Dominique ATTIA, Stéphane BELTRAN, Muriel BENSAID, Jean-Jacques SEREY,

Danièle CREACHCADEC, Gaylord LE CHEQUER, Juliette PRADOS,

 


13 salariés de la SEM stationnement M2S

sous le coup d’un plan de licenciement économique

 


Les conséquences des choix politiques de la municipalité continuent à faire de gros dégâts parmi la population mais aussi le personnel, qu’il s’agisse du personnel communal ou de celui des Sociétés d’Economie Mixte (SEM) de la ville.

 

Le 29 mars dernier, la municipalité décidait de retirer sa confiance à la SEM M2S qui assure depuis de très nombreuses années et sans que ne puisse lui être reprochée la moindre défaillance, la gestion de plusieurs parkings couverts de la ville ainsi que le stationnement payant sur voirie.
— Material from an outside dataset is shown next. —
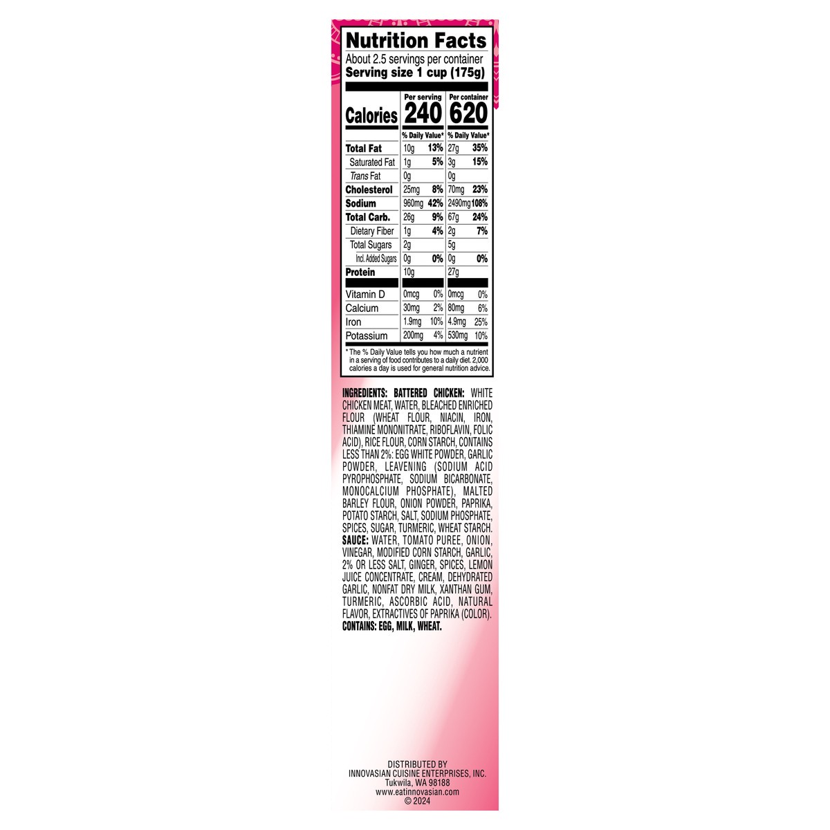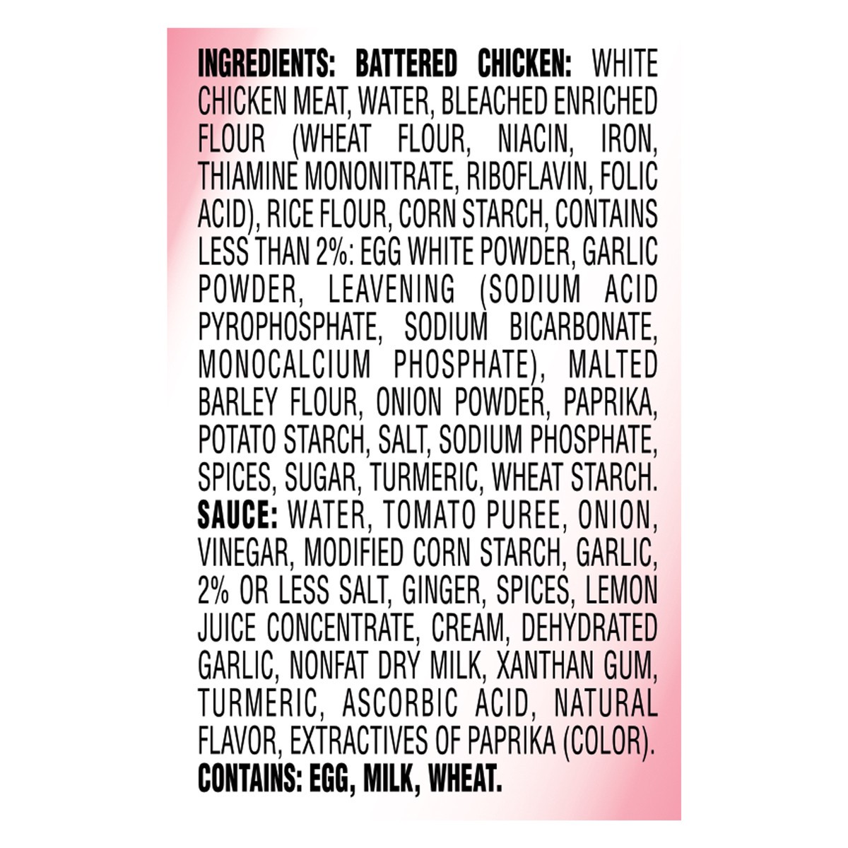 BATTERED CHICKEN: WHITE CHICKEN MEAT, WATER, BLEACHED ENRICHED FLOUR (WHEAT FLOUR, NIACIN, IRON, THIAMINE MONONITRATE, RIBOFLAVIN, FOLIC ACID), RICE FLOUR, CORN STARCH, CONTAINS LESS THAN 2%: EGG WHIT…

C’est à un groupe privé, EFFIA, que la ville a donc décidé de confier cette délégation de service public. Les raisons qui ont prévalu à cette décision sont de l’ordre de la recherche d’une rentabilité immédiate pour la ville et cela malgré de prévisibles et lourdes conséquences, à moyen terme pour les Montreuillois et à très court terme pour le personnel actuellement en poste. 

 

La ville brade ainsi des secteurs entiers de l’intervention publique auxquels les Sociétés d’Economie Mixte contribuent pourtant puisqu’elles permettent à l’administration publique une gestion plus souple de ses activités tout en conservant un contrôle fort de la part de la puissance publique par la présence des élus dans le conseil d’administration.

 

Six mois après, cette décision politique a une conséquence humaine dramatique puisque sur l’ensemble des salariés de cette SEM, treize se voient aujourd’hui purement et simplement sous le coup d’un plan de licenciement économique. La municipalité aimerait ne pas avoir à assumer publiquement cette situation, conséquence directe d’une décision de privatisation contestable, mais les salariés sont en droit d’exiger des explications à la ville, principale actionnaire de la SEM.

 

Nous demandons aux représentants de la ville au sein du Conseil d’administration de la SEM M2S d’engager un véritable dialogue social avec les salariés en refusant l’individualisation des procédures et en respectant l’ensemble des procédures garantissant le droit des salariés.

 

Nous demandons enfin que cessent toutes privatisations de missions de service public. Privatisations que nous jugeons incompatibles avec la nécessaire sauvegarde de l'emploi et la nécessaire lutte contre la précarisation de l'emploi. Cela est vrai dans le cas présent où il s'agit de missions assurées par les SEM de la ville comme cela est vrai dans le cas des missions assurées par les services municipaux en refusant, par exemple, le recours à une société privée pour le nettoyage de la voirie.